» **What you should do**
Could you copy exactly the lines below, beginning at the line with "Make a statement" and stopping after the line with "A lightweight, long", with no pictures?

[Source information]

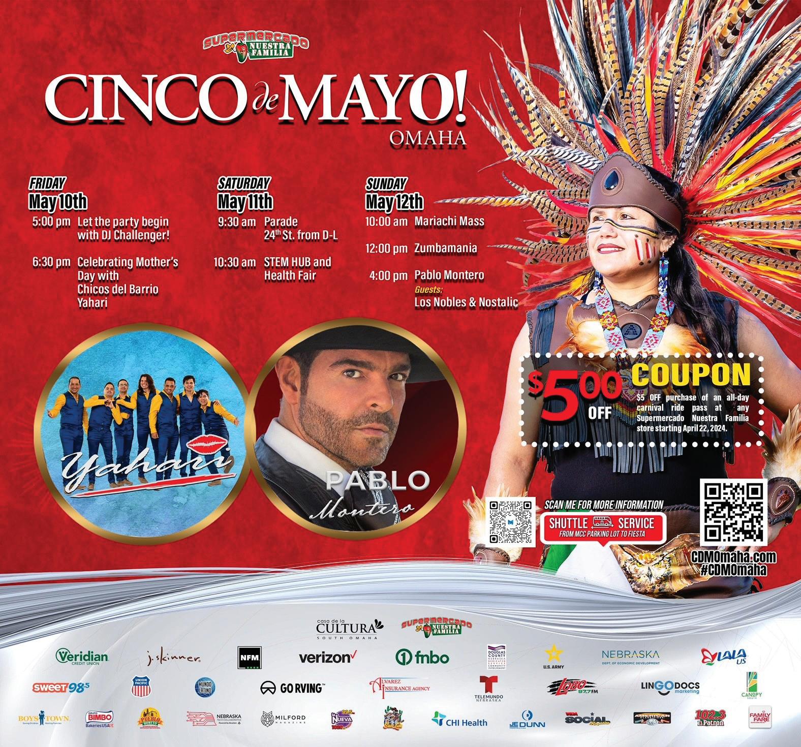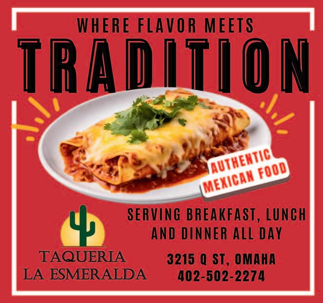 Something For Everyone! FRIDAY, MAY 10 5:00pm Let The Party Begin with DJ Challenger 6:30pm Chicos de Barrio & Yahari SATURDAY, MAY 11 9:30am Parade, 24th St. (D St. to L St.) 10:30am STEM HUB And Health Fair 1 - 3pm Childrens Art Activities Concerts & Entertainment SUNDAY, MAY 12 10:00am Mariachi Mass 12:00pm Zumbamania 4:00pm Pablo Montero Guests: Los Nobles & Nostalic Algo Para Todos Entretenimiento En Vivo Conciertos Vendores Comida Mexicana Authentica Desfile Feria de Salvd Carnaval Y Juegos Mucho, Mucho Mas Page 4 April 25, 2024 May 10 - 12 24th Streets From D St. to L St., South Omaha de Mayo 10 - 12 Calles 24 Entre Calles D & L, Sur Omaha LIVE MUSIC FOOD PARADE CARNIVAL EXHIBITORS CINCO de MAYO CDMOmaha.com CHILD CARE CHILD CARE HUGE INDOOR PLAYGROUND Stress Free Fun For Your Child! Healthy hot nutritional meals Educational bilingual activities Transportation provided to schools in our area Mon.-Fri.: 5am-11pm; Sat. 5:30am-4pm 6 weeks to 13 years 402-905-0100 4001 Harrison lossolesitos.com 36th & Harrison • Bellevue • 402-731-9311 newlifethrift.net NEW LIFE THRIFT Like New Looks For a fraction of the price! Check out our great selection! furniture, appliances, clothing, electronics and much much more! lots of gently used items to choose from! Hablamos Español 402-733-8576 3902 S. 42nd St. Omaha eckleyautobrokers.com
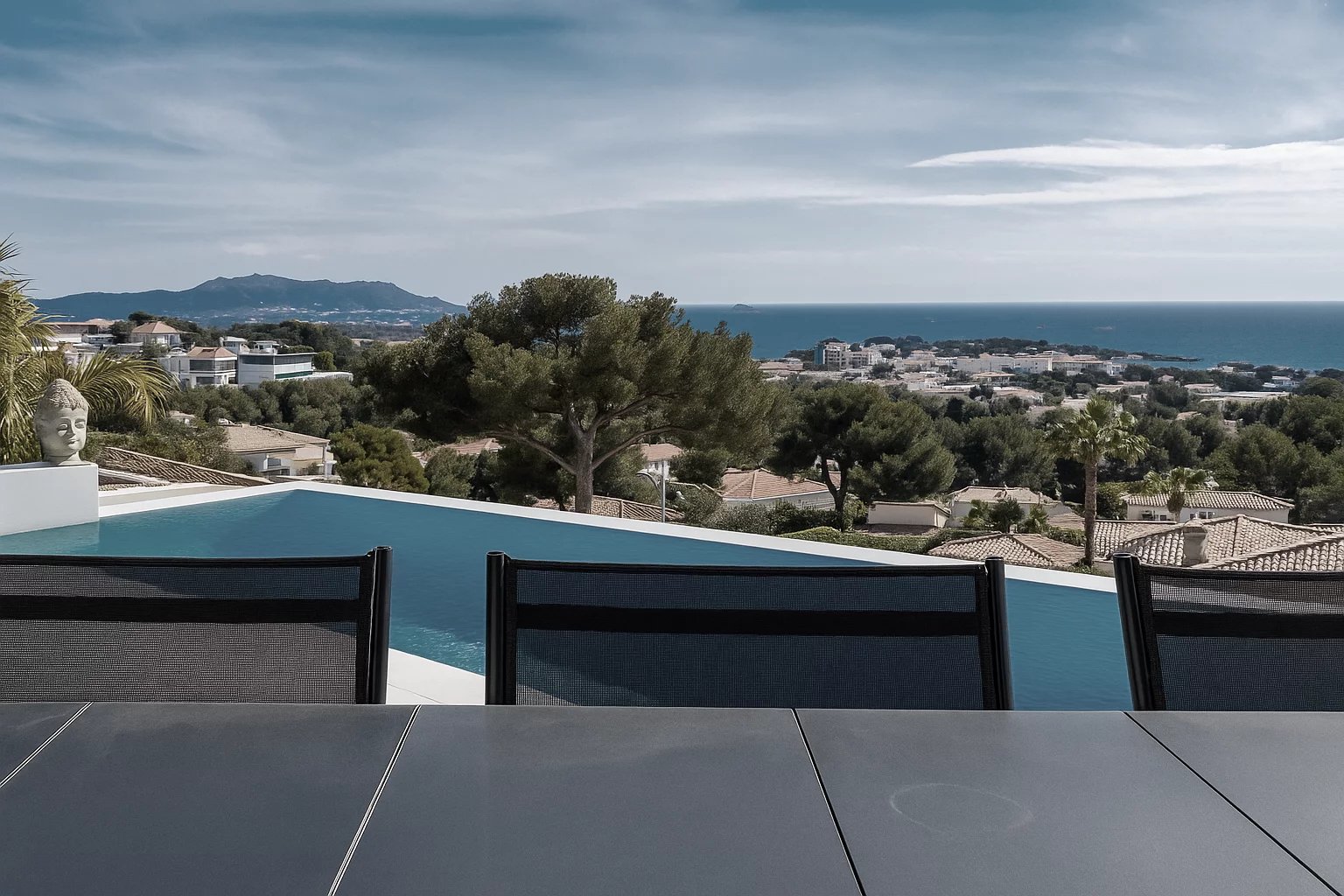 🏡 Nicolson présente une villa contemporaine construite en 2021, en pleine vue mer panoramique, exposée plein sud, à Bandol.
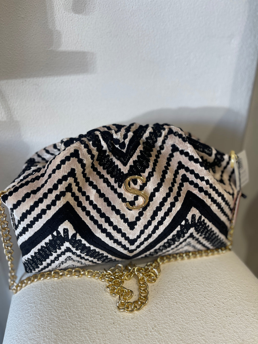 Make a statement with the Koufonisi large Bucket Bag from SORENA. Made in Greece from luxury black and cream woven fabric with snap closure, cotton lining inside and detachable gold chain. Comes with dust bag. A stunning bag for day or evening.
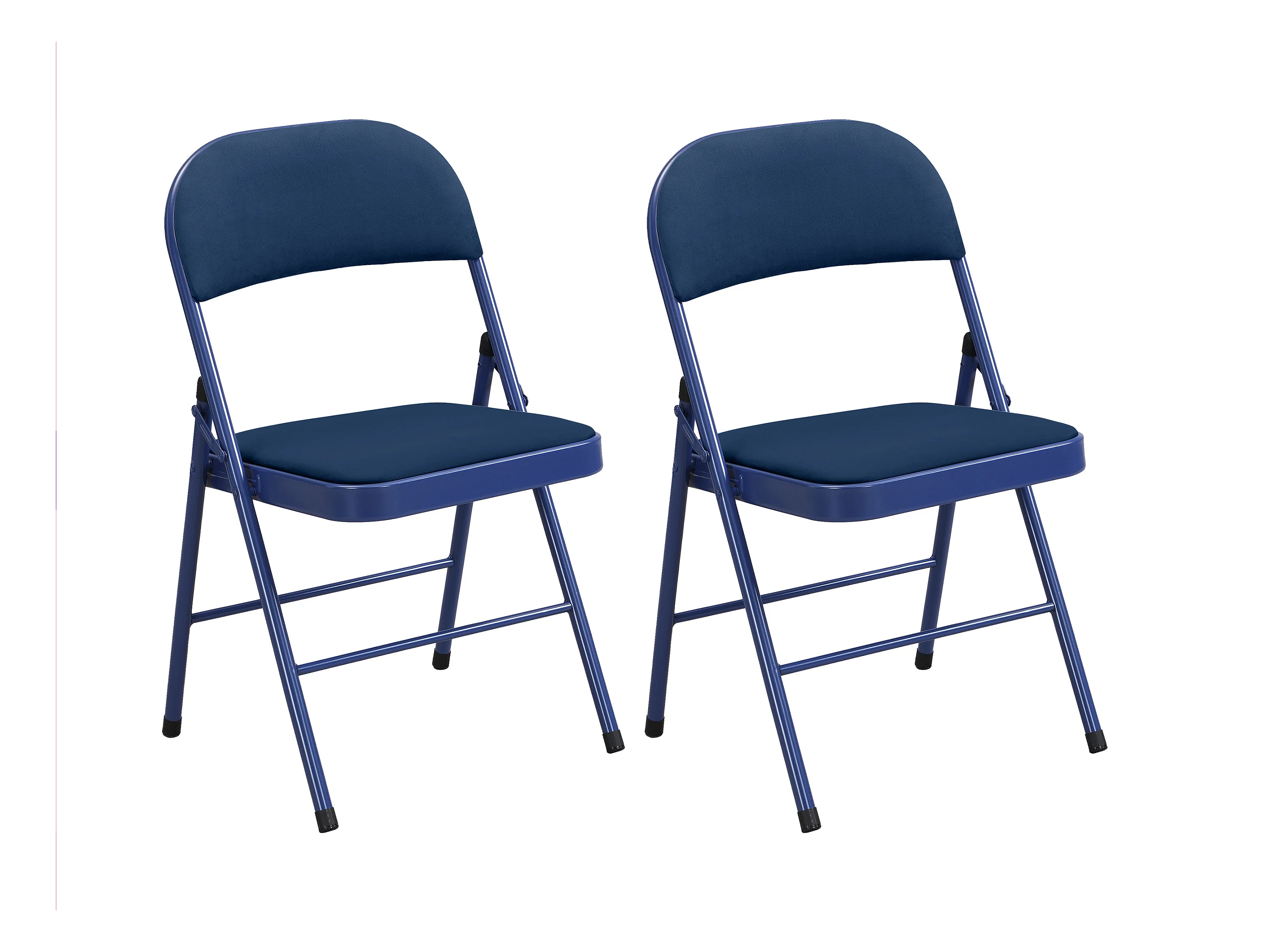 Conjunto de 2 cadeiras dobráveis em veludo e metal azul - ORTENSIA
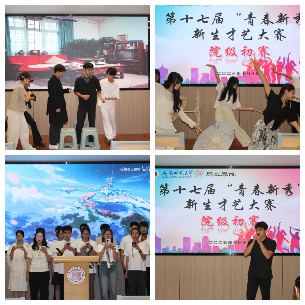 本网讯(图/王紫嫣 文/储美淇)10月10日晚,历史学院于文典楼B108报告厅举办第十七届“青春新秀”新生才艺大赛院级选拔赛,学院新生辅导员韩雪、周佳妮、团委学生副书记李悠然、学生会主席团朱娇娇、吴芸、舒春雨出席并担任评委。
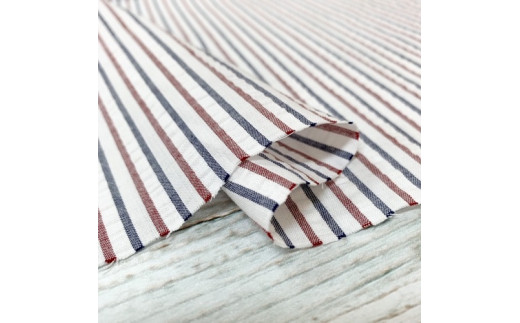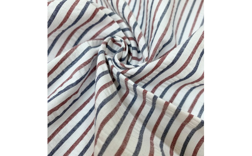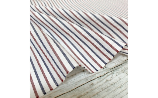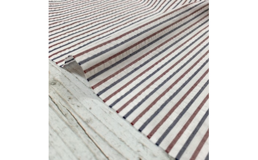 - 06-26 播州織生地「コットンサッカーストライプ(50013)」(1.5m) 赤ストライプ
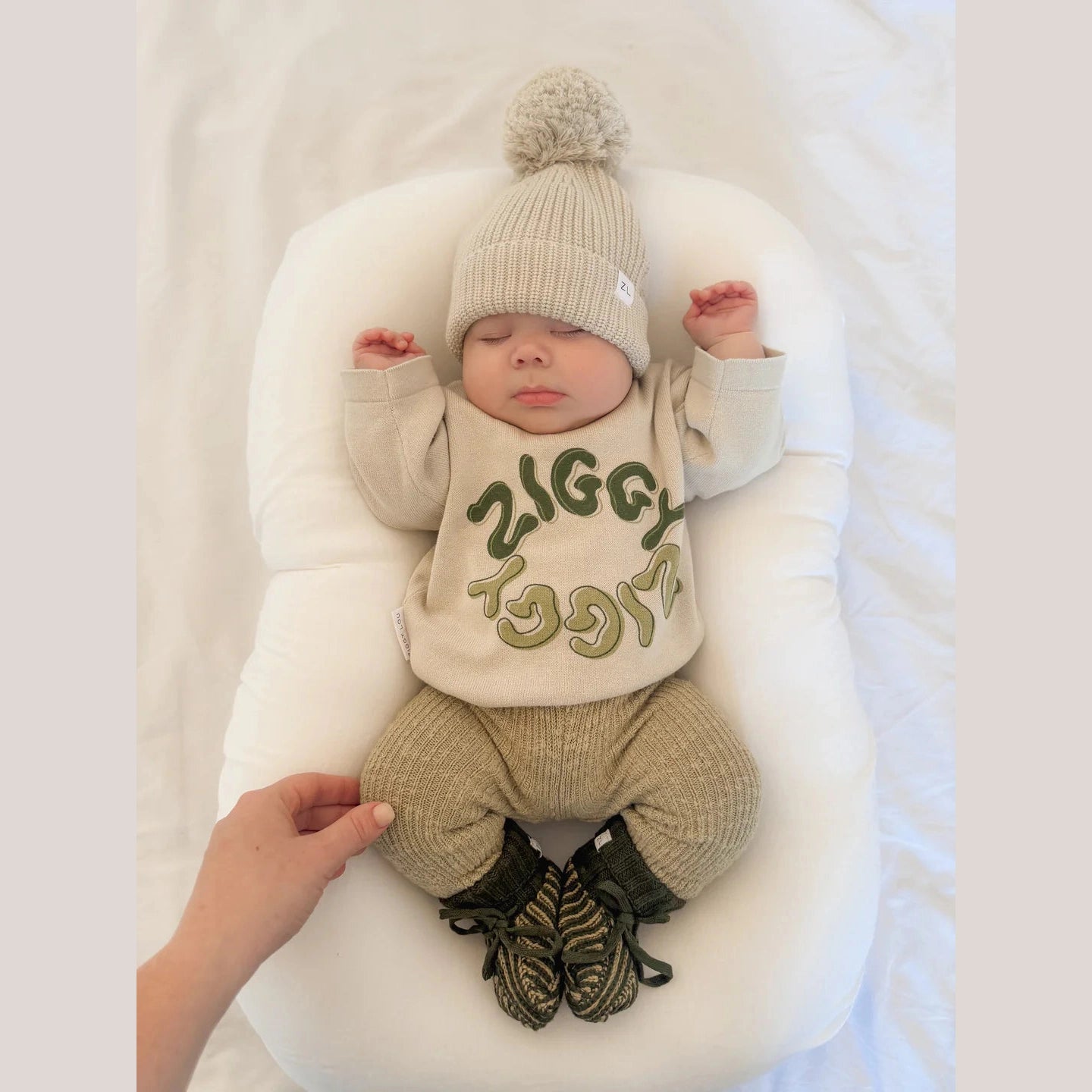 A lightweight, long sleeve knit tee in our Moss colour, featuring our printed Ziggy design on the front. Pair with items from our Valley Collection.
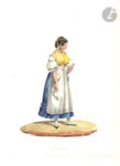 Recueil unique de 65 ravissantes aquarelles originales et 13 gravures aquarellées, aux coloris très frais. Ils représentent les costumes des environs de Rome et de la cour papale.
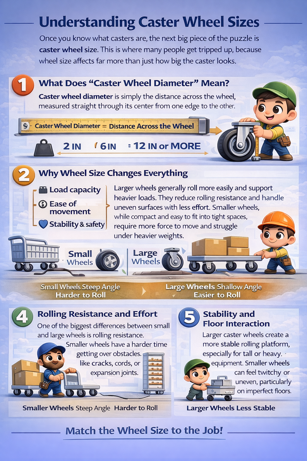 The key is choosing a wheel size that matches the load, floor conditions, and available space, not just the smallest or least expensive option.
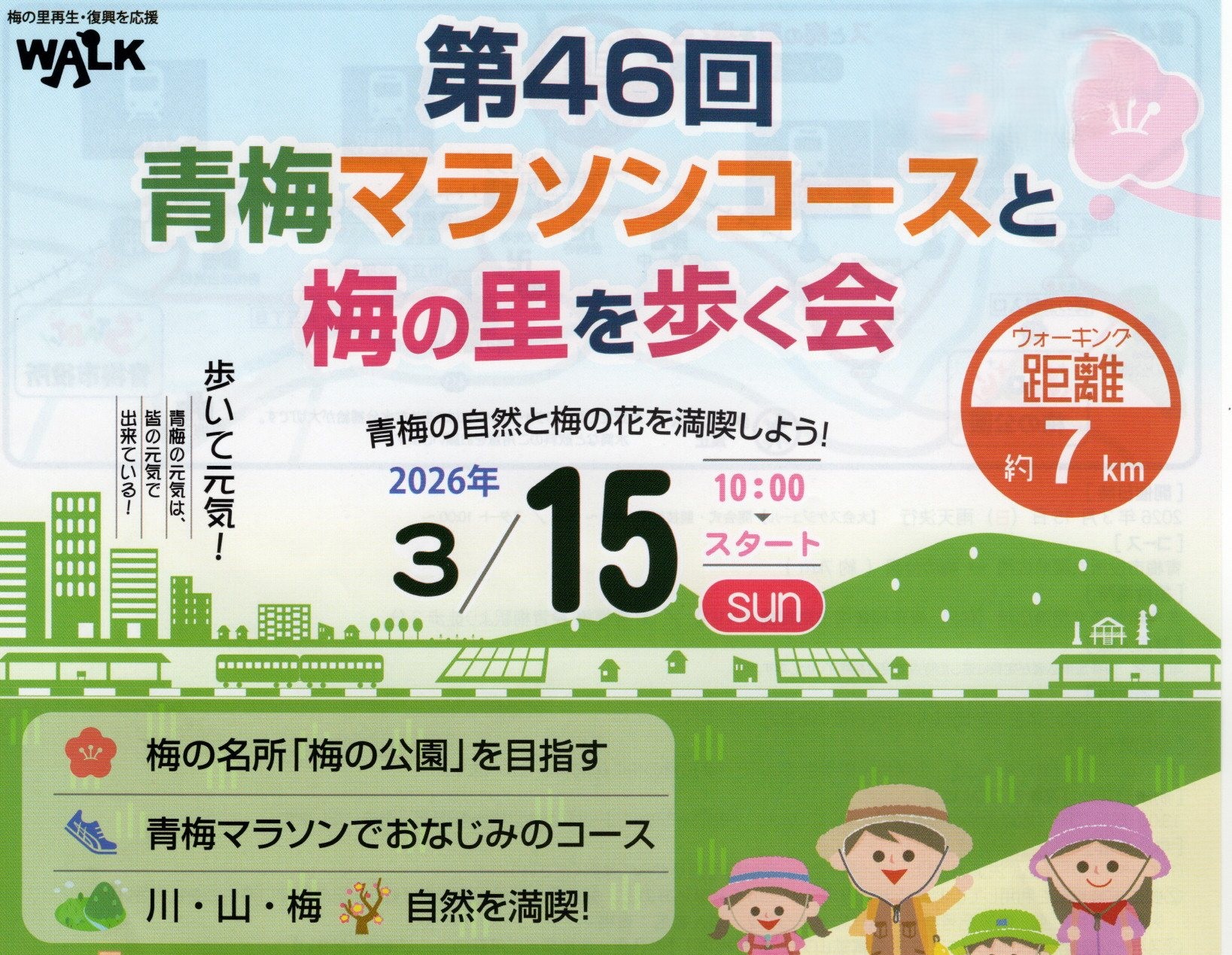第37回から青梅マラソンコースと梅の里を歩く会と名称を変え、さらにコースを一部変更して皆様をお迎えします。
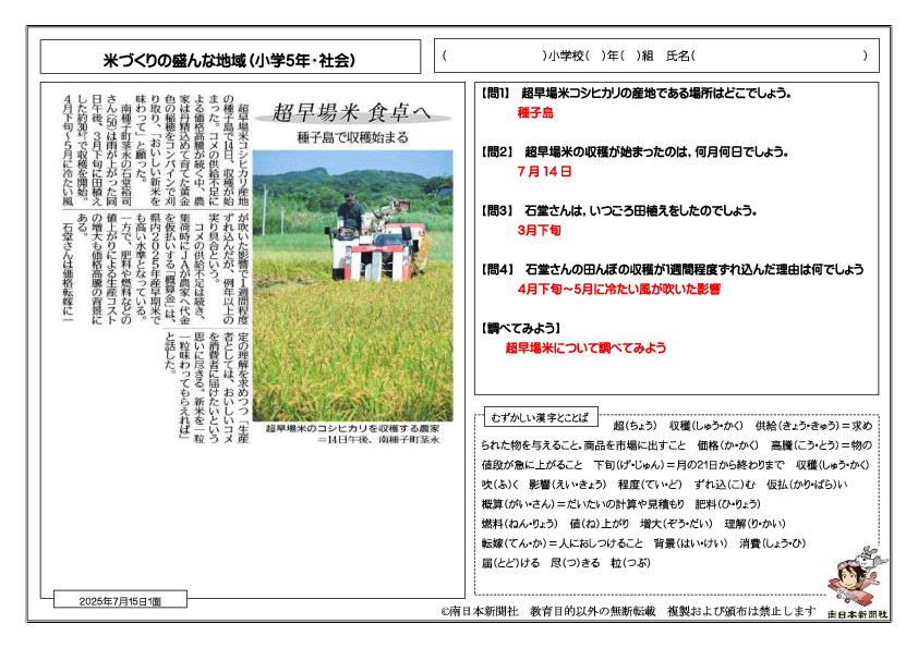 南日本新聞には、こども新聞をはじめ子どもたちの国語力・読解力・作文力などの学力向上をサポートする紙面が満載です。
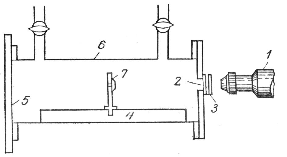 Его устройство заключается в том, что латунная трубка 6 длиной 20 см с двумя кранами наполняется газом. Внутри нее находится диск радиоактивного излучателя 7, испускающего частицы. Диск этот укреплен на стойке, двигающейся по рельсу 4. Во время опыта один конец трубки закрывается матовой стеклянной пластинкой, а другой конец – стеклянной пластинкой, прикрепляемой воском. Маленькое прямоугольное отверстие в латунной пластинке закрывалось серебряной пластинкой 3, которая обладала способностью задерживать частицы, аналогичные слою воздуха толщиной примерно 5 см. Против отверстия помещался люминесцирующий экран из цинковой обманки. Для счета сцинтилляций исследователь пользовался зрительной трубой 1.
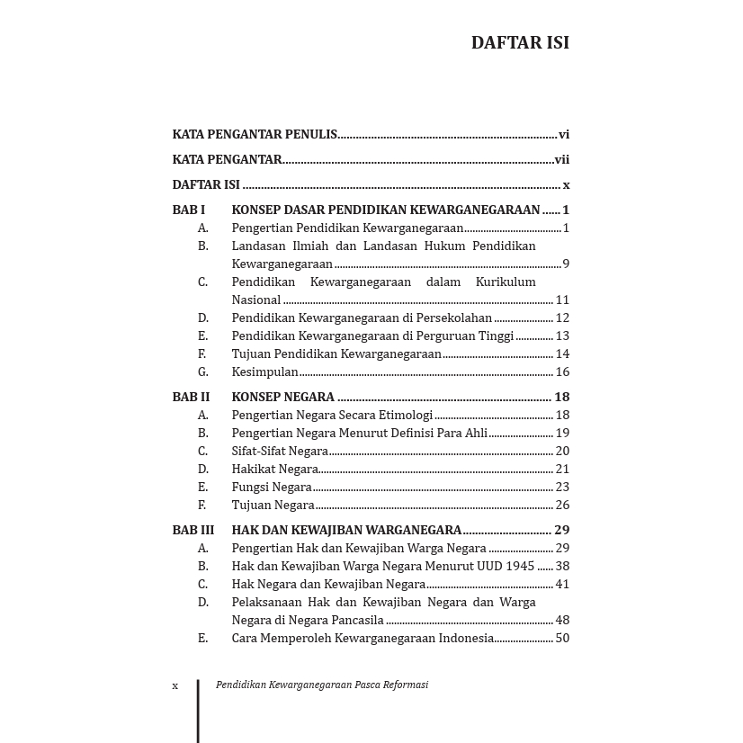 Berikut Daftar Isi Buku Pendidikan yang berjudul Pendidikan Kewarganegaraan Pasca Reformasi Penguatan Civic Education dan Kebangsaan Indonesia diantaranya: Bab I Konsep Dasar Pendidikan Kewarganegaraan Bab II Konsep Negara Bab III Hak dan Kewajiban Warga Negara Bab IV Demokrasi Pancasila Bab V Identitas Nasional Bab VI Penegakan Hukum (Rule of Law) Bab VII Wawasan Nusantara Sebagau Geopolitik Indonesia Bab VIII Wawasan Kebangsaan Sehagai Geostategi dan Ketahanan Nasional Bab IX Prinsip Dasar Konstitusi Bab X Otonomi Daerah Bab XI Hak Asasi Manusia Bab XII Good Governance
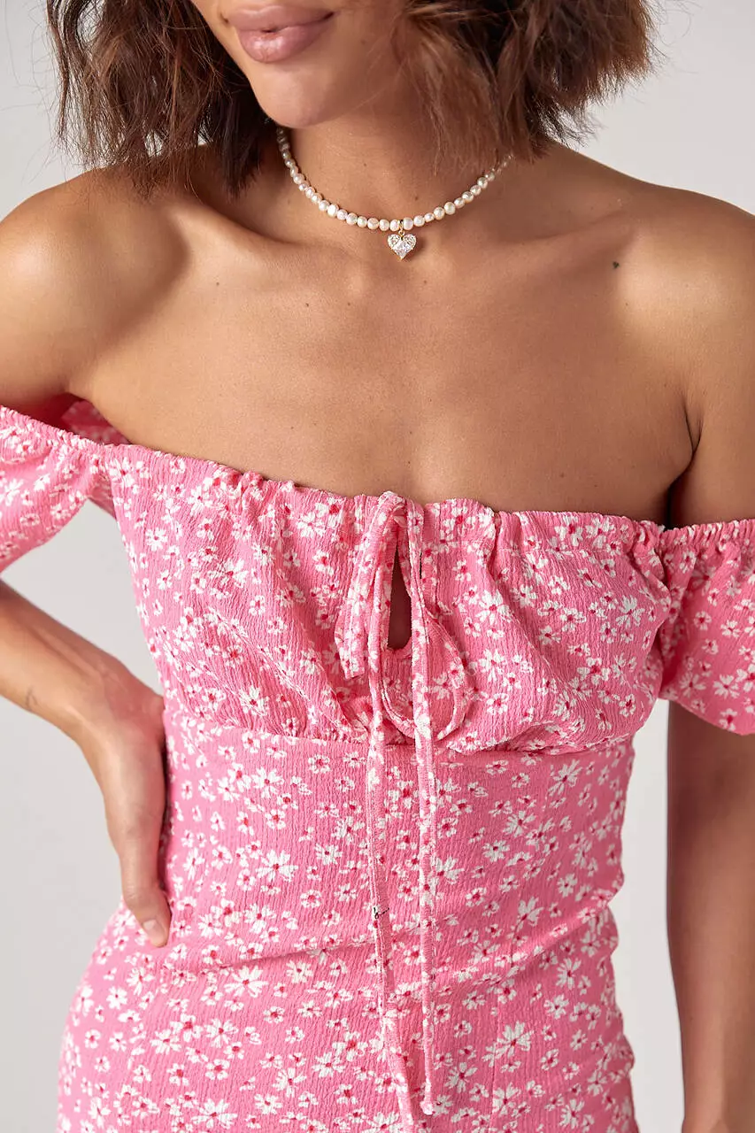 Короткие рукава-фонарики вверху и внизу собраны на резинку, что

[/Source information]

» **Reply**
 Make a statement with the Koufonisi large Bucket Bag from SORENA. Made in Greece from luxury black and cream woven fabric with snap closure, cotton lining inside and detachable gold chain. Comes with dust bag. A stunning bag for day or evening.
 Conjunto de 2 cadeiras dobráveis em veludo e metal azul - ORTENSIA
 本网讯(图/王紫嫣 文/储美淇)10月10日晚,历史学院于文典楼B108报告厅举办第十七届“青春新秀”新生才艺大赛院级选拔赛,学院新生辅导员韩雪、周佳妮、团委学生副书记李悠然、学生会主席团朱娇娇、吴芸、舒春雨出席并担任评委。
 - 06-26 播州織生地「コットンサッカーストライプ(50013)」(1.5m) 赤ストライプ
 A lightweight, long sleeve knit tee in our Moss colour, featuring our printed Ziggy design on the front. Pair with items from our Valley Collection.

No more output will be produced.